### Given data
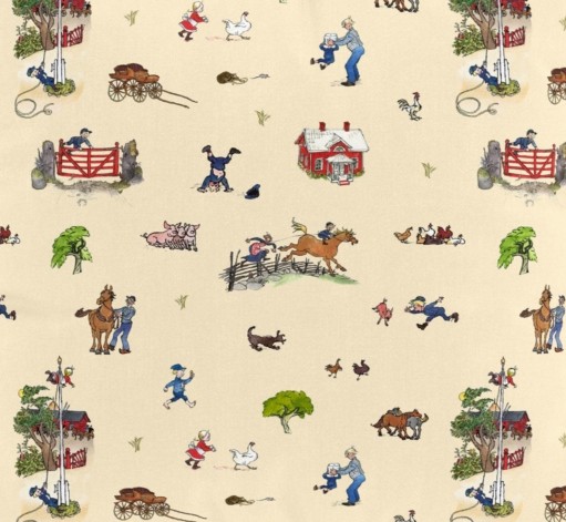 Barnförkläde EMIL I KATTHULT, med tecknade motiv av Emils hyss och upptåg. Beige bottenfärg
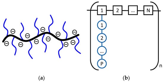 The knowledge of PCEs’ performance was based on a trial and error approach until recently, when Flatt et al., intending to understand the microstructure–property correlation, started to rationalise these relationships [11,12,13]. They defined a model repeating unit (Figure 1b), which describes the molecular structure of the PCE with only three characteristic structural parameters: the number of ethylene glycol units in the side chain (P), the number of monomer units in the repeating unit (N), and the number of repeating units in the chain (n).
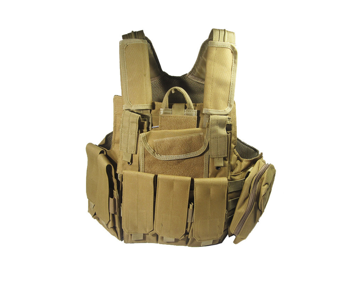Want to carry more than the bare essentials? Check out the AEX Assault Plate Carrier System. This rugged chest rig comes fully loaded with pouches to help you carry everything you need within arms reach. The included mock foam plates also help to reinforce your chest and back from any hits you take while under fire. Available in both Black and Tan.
...
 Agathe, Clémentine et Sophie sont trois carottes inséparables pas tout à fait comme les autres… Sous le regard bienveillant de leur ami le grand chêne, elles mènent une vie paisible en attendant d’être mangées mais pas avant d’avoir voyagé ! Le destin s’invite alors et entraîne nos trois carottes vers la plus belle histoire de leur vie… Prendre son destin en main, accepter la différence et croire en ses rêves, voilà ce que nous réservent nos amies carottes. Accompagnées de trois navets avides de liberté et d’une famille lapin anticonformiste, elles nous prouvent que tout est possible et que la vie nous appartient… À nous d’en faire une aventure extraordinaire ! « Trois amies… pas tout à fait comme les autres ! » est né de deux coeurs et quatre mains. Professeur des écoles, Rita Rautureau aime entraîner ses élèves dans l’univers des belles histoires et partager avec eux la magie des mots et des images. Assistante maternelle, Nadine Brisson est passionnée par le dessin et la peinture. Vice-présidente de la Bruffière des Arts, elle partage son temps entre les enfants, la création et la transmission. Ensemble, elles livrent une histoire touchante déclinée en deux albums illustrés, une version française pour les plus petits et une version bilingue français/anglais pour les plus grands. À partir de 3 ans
* * *
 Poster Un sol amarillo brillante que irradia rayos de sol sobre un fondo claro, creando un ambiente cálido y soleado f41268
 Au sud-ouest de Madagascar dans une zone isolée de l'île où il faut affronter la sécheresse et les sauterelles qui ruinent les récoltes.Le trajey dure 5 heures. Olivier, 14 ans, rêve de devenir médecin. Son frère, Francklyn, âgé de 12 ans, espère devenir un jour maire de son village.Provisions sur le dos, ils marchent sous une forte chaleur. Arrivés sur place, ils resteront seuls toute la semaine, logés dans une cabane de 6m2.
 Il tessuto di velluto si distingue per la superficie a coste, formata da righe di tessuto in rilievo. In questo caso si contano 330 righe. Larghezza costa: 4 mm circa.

### What you are asked to do
Look above for the line holding "Poster Un sol" and the line holding "Il tessuto di", then output exactly those two lines and every line between them, nothing more.

### Reply to the task
 Poster Un sol amarillo brillante que irradia rayos de sol sobre un fondo claro, creando un ambiente cálido y soleado f41268
 Au sud-ouest de Madagascar dans une zone isolée de l'île où il faut affronter la sécheresse et les sauterelles qui ruinent les récoltes.Le trajey dure 5 heures. Olivier, 14 ans, rêve de devenir médecin. Son frère, Francklyn, âgé de 12 ans, espère devenir un jour maire de son village.Provisions sur le dos, ils marchent sous une forte chaleur. Arrivés sur place, ils resteront seuls toute la semaine, logés dans une cabane de 6m2.
 Il tessuto di velluto si distingue per la superficie a coste, formata da righe di tessuto in rilievo. In questo caso si contano 330 righe. Larghezza costa: 4 mm circa.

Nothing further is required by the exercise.